MEMORIAL DAY REMARKS - 2017 Good morning. My name is Steve Kerrigan and I am the President of the Massachusetts Military Heroes Fund and it is my honor to welcome you to today s ceremony honoring our Commonwealth s fallen heroes and their families. Before we begin, I would like to take this opportunity on behalf of our incredible Board of Directors (Tom Crohan, Christie Coombs, Maura Yanosick, Dave Guarino and Col. Tom Devine) to thank our tremendous team including Kathy King and our incomparable Executive Director, Diane Nealon and also to thank some individuals, organizations and supporters, without whom none of this would be possible: OFFICES: Office of Mayor Martin J. Walsh Office of Governor Charlie Baker Massachusetts National Guard Boston Parks and Recreation Department Boston Water and Sewer - water truck yesterday Army Survivor Outreach Services
Massachusetts Department of Veteran Services Boston Veterans Services Lowell Veterans Center Project 351, and The John F. Kennedy Presidential Library Foundation - hosting our families for lunch FINANCIAL SUPPORTERS: John Hancock Financial AT&T Bank of America Arbella Insurance BNY Mellon Boston Scientific and McMillan education And for event and institutional support, we give special thanks to Michael P. Wasserman, Inc., Michael himself, Chris Farris and their entire team and to Melwood Global.
Finally, I would also like to thank the Commonwealth Brass Quintet from the 215 th Army Band.
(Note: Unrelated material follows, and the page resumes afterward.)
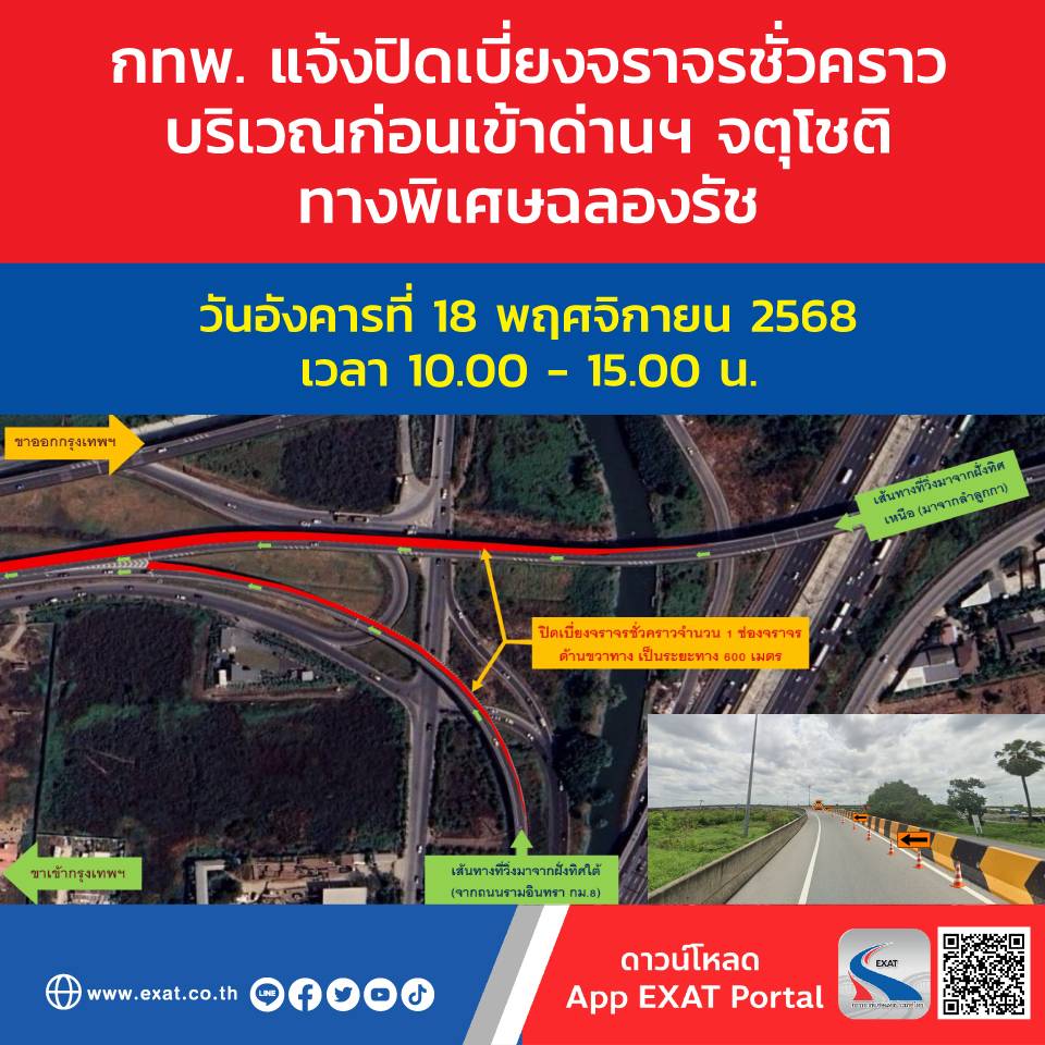 การทางพิเศษแห่งประเทศไทย (กทพ.) กระทรวงคมนาคม ได้ว่าจ้าง บริษัท อิตาเลียนไทย ดีเวล๊อปเมนต์ จำกัด (มหาชน) เพื่อดำเนินงานก่อสร้างโครงการทางพิเศษฉลองรัชส่วนต่อขยาย (ช่วงจตุโชติ-ถนนลำลูกกา) (งานโยธา) โดยบริษัทฯ จะเข้าดำเนินงานดังกล่าว จึงมีความจำเป็นจะต้องปิดเบี่ยงจราจรชั่วคราว บริเวณก่อนเข้าด่านเก็บค่าผ่านทางพิเศษจตุโชติ ทางพิเศษฉลองรัช ในวันอังคารที่ 18 พฤศจิกายน 2568 ช่วงเวลา 10.00 - 15.00 น. เพื่อดำเนินการติดตั้งป้ายจราจรเตือนงานก่อสร้างบนกำแพงกันตก (Parapet) ของทางพิเศษสายรามอินทรา-วงแหวนรอบนอกกรุงเทพมหานคร จำนวน 6 ตำแหน่ง ดังนี้

At this time, I would ask you to please rise for the presentation of the colors by the 54th Massachusetts Volunteer Regiment Honor Guard and remain standing for the singing of our National Anthem by Oladunni Oladipo. Memorial Day, dedicated in 1868, was established to ensure that no generation would ever forget those who fell in battles fought, won and lost so that our Republic might remain free. It is with that charge in mind that we established this annual Memorial Day Flag Garden - to remind people that each of the 37,251 flags that will stand here in tribute to our fallen represent a heartbeat silenced in service to our Commonwealth and our country. Yesterday we were joined by over 600 volunteers who came from all across our Commonwealth, our nation and from around
the world, to help create this beautiful garden of flags to honor our heroes. Heroes that many of them never met. Heroes of different backgrounds, different genders, sexual orientations, different races and different religions. No one asked where the Catholic section was or the Jewish or Protestant or Muslim section was. No one said where do the flags for the straight sailors or the gay marines go. It wasn t suggested that those flags representing women soldiers or those for Dads or daughters be separated from the other flags. And no one asked how these service members gave their sacrifice or what price they and their families have paid for freedom we so richly cherish. No one asked those things or said those things because no one cared about those things. This is a garden of flags dedicated and, in fact, consecrated to the memory of 37, 251 brave men and women.
They were soldiers, sailors, airmen and women, marines and Coast Guardsmen and women all who said send me. They said I will wear the uniform of a nation built on the opportunity and diversity it offers those who live here and whose credo - out of many, one - when lived up to, makes our nation worthy of such an enormous sacrifice. In his order to establish Memorial Day, General John A. Logan admonished us to Let no vandalism of avarice or neglect, no ravages of time, testify to the present or to the coming generations, that we have forgotten, as a people, the cost of a free and undivided Republic. Massachusetts has always stood tall and strong in defense of our freedoms and that undivided Republic Logan spoke of. We ve always answered the call to service. For centuries our citizens have volunteered and served and, in fact, this very Boston Common has been a gathering place for those preparing for and suffering through the ravages of war.
And so it is with that history, and our families sacrifices, in mind that we gather here to honor those who came before us and to carry on that legacy connecting this land to the brave men and women of Massachusetts who fought and died for our freedom. In keeping with our custom, these flags will remain in place until Monday evening at 6pm, as our gift to the people of the Commonwealth and to any and all families who have lost a loved one in service. We at the Massachusetts Military Heroes Fund hope that this is a site of reflection and that it will offer our most recently bereaved families a measure of peace, tranquility and comfort knowing that we HAVE not and WILL not forget their loss and the sacrifices their hero made for all of us. These flags represent lives lost, dreams unfulfilled but, to me, as importantly, they represent men and women who gave the last full measure of devotion for each of us, and for the United States
of America. Many of them we never had a chance to meet, but all of them we have a chance to honor. Let us remember the fallen from our past and our all-too-painful present and let us plant our flag on Memorial Day to again stand for the ideals on which it was created. Please join with me on this day and all others to help fulfill the pledge made so long ago that we raise above them the dear old flag they saved from dishonor; let us in this solemn presence renew our pledges to aid and assist those whom they have left among us a sacred charge upon a nation s gratitude. So let us do that today and every day. Thank you all very much for being here.